Enlisting friendly predators can save you a bundle on sprays and insecticides if you provide the proper accommodations. Mount bat houses on poles high above the ground – 18 feet or so. Half-bury some clay pots on their sides as hideouts for slug- and bug-eating toads. Make shelters available under shed or barn eaves for the gentle paper wasps to call home. Lay a few flat pieces of wood between vegetable rows for ambush-minded wolf spiders and other nocturnal parasites to rest during the heat of day.

Dragonflies are accurately dubbed “mosquito hawks,” so invite those fearsome fliers into your yard by driving stakes into the ground to serve as perches. Provide water in places convenient to all your mercenaries.

“It’s slowly becoming more of a trend to find nonchemical ways to control things in the garden,” says David Hillock, an extension consumer horticulturist with Oklahoma State University. “But it’s hard to maintain those beneficial organisms on your property sometimes. You can release ladybugs in your yard (to kill other bugs) but there’s no way to keep them there. You can invite bats and toads but there’s no guarantee they’ll stick around, either. Getting quick and constant control of an insect problem with biologics is not always a given.”

Frank Bibin swears by the results he’s gotten after enticing bats and wasps to his family’s 27-acre organic pecan orchard near Quitman, Ga. The pairing has all but eliminated the many caterpillars and moths he discovered after acquiring Pebble Hill Grove 11 years ago.

“They basically reinforce one another,” Bibin says. “Wasps go for the larvae; bats go for the adult moths.”

Bibin recruited the helpful predators after learning the previous owner had been spraying the orchard every couple of weeks. He said he didn’t want any potentially harmful chemicals around his family.

“When we started, I wasn’t sure we’d be able to attract them,” Bibin said about the Mexican free-tailed bats. “It took about two years before they started moving in. We have about 4,000 free-tails now and a bunch of wasp nests. They’ve never bothered any of us. No one has been stung; no one has been bitten.”

And he doesn’t have a moth problem anymore.

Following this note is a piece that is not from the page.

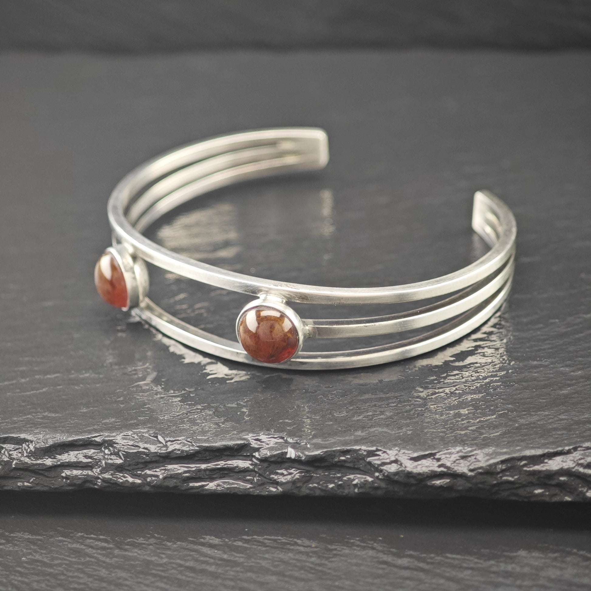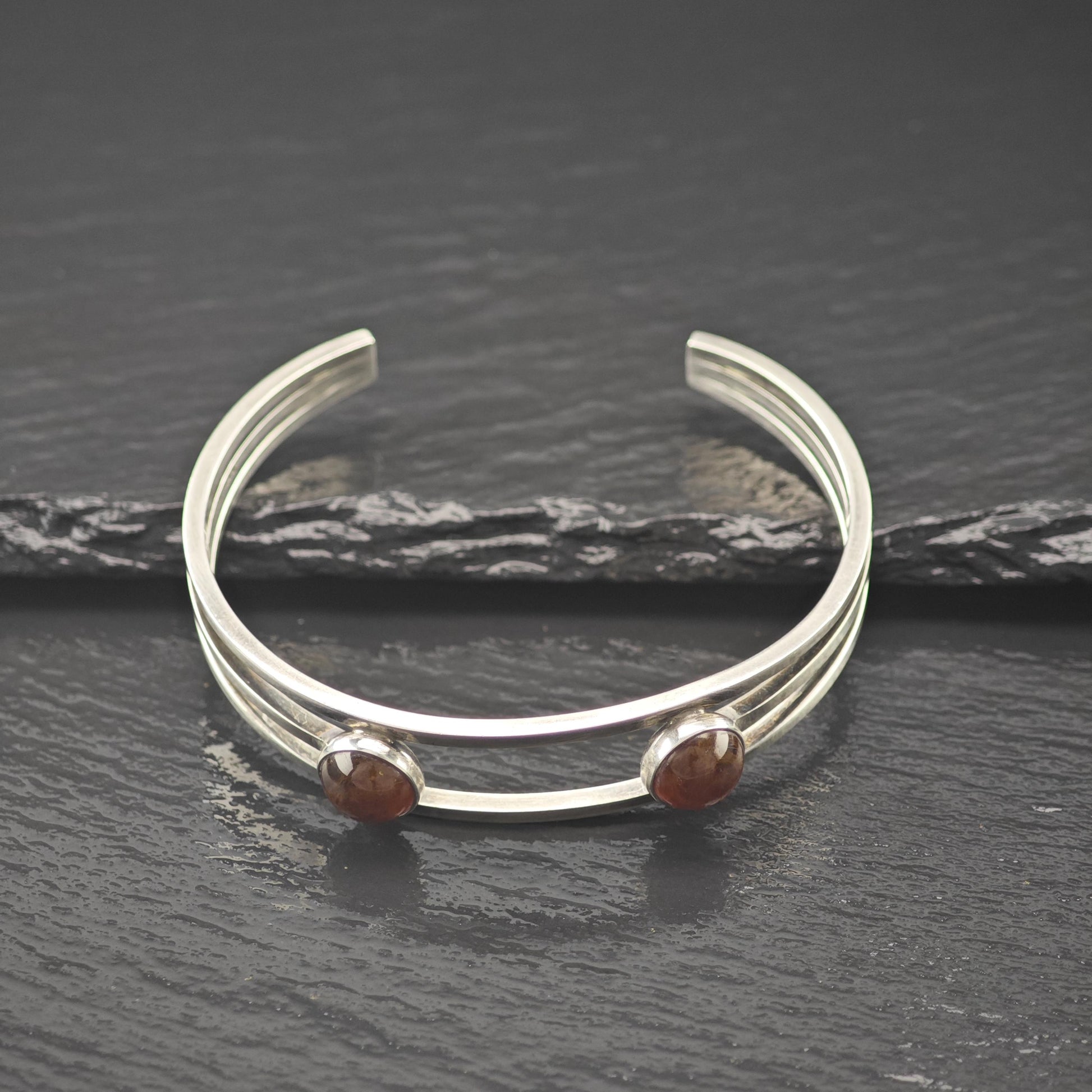Denmark Silver Amber Modernist Cuff Bracelet Sterling N. E From

If you’re going to do this, know friend from foe. That means being able to separate, figuratively speaking, the few venomous varieties from the mostly benign groups of predator spiders and snakes.

The two spiders to be avoided in North America are the black widow and the brown recluse. Both are poisonous and both can deliver harmful bites. Most every snake is garden-friendly except copperheads, cottonmouth moccasins, rattlesnakes and coral snakes.

Understand that even these species are good in their place, but with the threat inherent in their venom, that place isn’t underfoot. But they, like other snakes, are good at controlling populations of mice and moles.

“You’ve got to be patient,” Hillock says. “Give the beneficial insects and biologic controls time to do their thing. Some people can tolerate a little insect damage; some can’t take any at all. Some people wait longer than others before going after chemicals.

“If biology doesn’t work, and you might lose all your plants, then it’s probably time to reach for a pesticide. But integrated plant management is a system that recommends using all your benign resources before using the sprays.”